(Source material begins)
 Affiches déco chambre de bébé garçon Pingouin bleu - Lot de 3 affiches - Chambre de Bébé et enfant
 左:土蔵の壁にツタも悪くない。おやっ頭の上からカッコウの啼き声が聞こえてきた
(Source material ends)
(Source material begins)
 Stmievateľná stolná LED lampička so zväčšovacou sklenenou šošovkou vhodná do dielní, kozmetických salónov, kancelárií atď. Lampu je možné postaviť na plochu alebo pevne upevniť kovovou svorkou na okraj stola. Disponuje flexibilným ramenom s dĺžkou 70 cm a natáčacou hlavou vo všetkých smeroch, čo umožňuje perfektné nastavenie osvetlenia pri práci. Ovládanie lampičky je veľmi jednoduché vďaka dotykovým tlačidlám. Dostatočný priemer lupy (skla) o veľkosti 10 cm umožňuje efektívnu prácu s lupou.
(Source material ends)
(Source material begins)
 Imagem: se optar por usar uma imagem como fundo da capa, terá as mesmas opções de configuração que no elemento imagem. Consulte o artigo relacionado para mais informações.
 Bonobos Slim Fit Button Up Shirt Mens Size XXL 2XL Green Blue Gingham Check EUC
(Source material ends)
● About this exercise
Copy the stretch of the records above that runs from the line with "Affiches déco chambre" through the line with "左:土蔵の壁にツタも悪くない。おやっ頭の上からカッコウの啼き声が聞こえてきた". Both end lines belong in the copy, and nothing else does.

● Response to this exercise
 Affiches déco chambre de bébé garçon Pingouin bleu - Lot de 3 affiches - Chambre de Bébé et enfant
 左:土蔵の壁にツタも悪くない。おやっ頭の上からカッコウの啼き声が聞こえてきた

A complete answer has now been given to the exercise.